Pitt would willingly have continued in office. He loved power, and he knew that England needed him and the strong ministry of which he was the head and soul, but he was not a man to barter principle for office. His message to the king is intelligible, as a prime minister of our own time has pointed out, without so mean an interpretation.[317] He recognised that while the king lived catholic emancipation could not be gained save at too high a price. George was sixty-two, and his life was thought to be precarious; no one could foresee that he would outlive Pitt, who was twenty years younger. An attempt to force the question on him would have again brought on insanity, and would perhaps have killed him. Pitt was deeply moved by the king's words, and yielded to feelings of pity and personal affection for the sovereign he had served for seventeen years. On March 14 he gave back the seal of the exchequer into the king's hands. Once again then, and not for the last time, did George defeat the policy of his ministers and drive them from office. In this case the blame chiefly rests on the traitor Loughborough, who, for his own purposes, happily to be foiled, interfered between the king and Pitt and excited the king's religious prejudices. But George's conduct at this crisis cannot be viewed wholly apart from his earlier attempts at personal rule, for it proves that he was unable to understand that his ministers were responsible for his political acts. His refusal to assent to emancipation deprived Ireland of the happy results which Pitt expected, and brought much trouble on the country. As regards its effect on the empire at large, it is enough to say that it took the helm of state out of the hands of Pitt.

FOOTNOTES:

[301] Grenville to Whitworth, Nov. 1, 1799, MS. Russia, R.O.

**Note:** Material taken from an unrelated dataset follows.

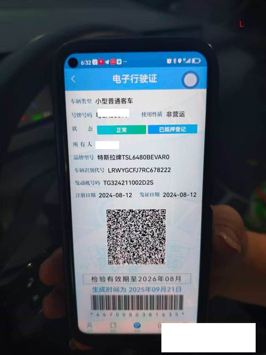 初次登记日期 2024-08-12 车辆名称 特斯拉 Model
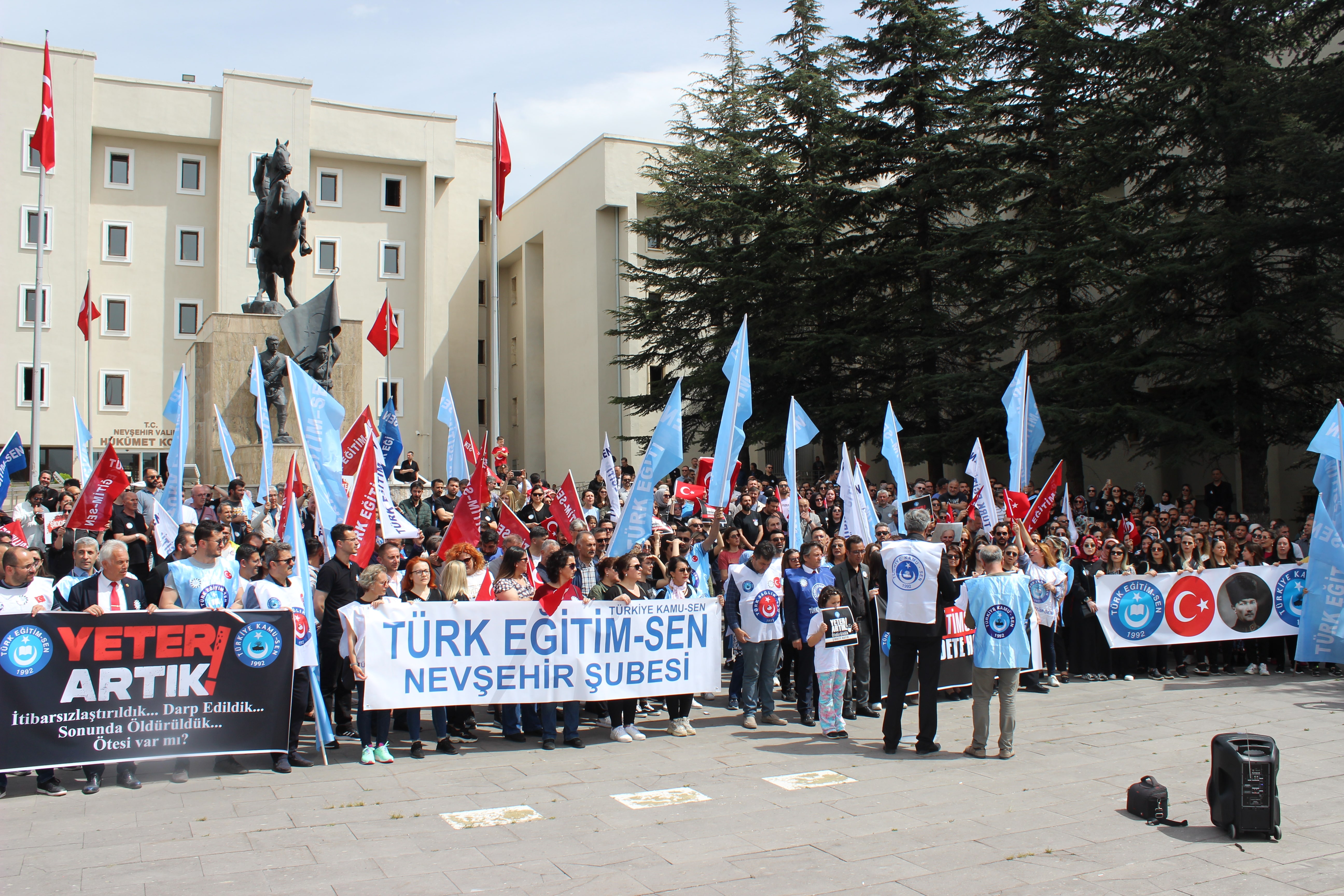 Türk Eğitim Sen Nevşehir Şubesi üyeleri Türk Eğitim Sen Genel Merkezinin ülke genelinde aldığı İş Bırakma Eylemiyle bugün okullara gitmediler Nevşehir Valiliği Atatürk Anıtı önünde yaklaşık 1000 eğitim çalışanı toplanarak saat:14.00’da tarihi bir kalabalıkla eylem gerçekleştirdiler. Başta vefat eden İbrahim öğretmenimiz, olmak üzere tüm şehit öğretmenlerimiz ve ülkemizin kurucusu Atatürk için saygı duruşu ve dua yapıldı. İstiklal marşı okundu. “Artık Yeter! Öldürüldük. Şiddete Hayır! Öldürürsen öğretemem! Beni Öldürende yoktur din iman, İtibarsızlaştırıldık, darp edildik var mı ötesi, Eğitimciye Şiddete Hayır pankartları dikkat çekti. Ayrıca açıklamalar esnasında toplanan kalabalık Güvenli eğitim güvenli gelecek, Vatandaş uyuma öğretmenine sahip çık, eğitimciyiz haklıyız kazanacağız, Şiddete karşı omuz omuza, Öğretmene uzanan eller kırılsın. Eğitimciler burada yaptırımlar nerede, Bakanım bir bak öldürüldük. İşte memur İşte sendika, Okullara Güvenlik Görevlisi İstiyoruz. Öğretmenler burada sayın Tekin nerede! Eğitimci eğilme dik dur sendikan seninle sloganları topluluk tarafından bir ağızdan söylendi. Eylem sonunda eyleme katılan eğitim çalışanları ve öğretmenler belediye caddesine kadar yürüyüş gerçekleştirdiler.

[302] Acton to Nelson, Aug. 1, 1799, Nelson and the Neapolitan Jacobins, p. 325.

[303] The latest discussions on this affair are in Captain Mahan's Life of Nelson, 2nd edition, 1899; Engl. Hist. Rev., April, 1898, July, 1899, October, 1900; Athenæum, July 8 and Aug. 5, 1899; Mr. Gutteridge's Nelson and the Neapolitan Jacobins (Navy Records Soc.), 1903, containing documents, with the Diario Napol. and the Compendio di Micheroux from the Archivio Storico per le province Napol., xxiv. (1899), pt. iv.; Marchese Maresca's Il Cavaliere Micheroux, 1895; Madame Giglioni's Naples in 1799, 1903, and two articles by Dr. Hueffer in the Revue Historique, Sept.-Dec, 1903, and Jan.-April, 1904, to which I am indebted.

[304] Mahan, Life of Nelson, i., 439.

[305] Whitworth to Grenville, Nov. 1 and 13, and Dalrymple to Huskisson, Dec. 31, 1799, MS. Russia, R.O.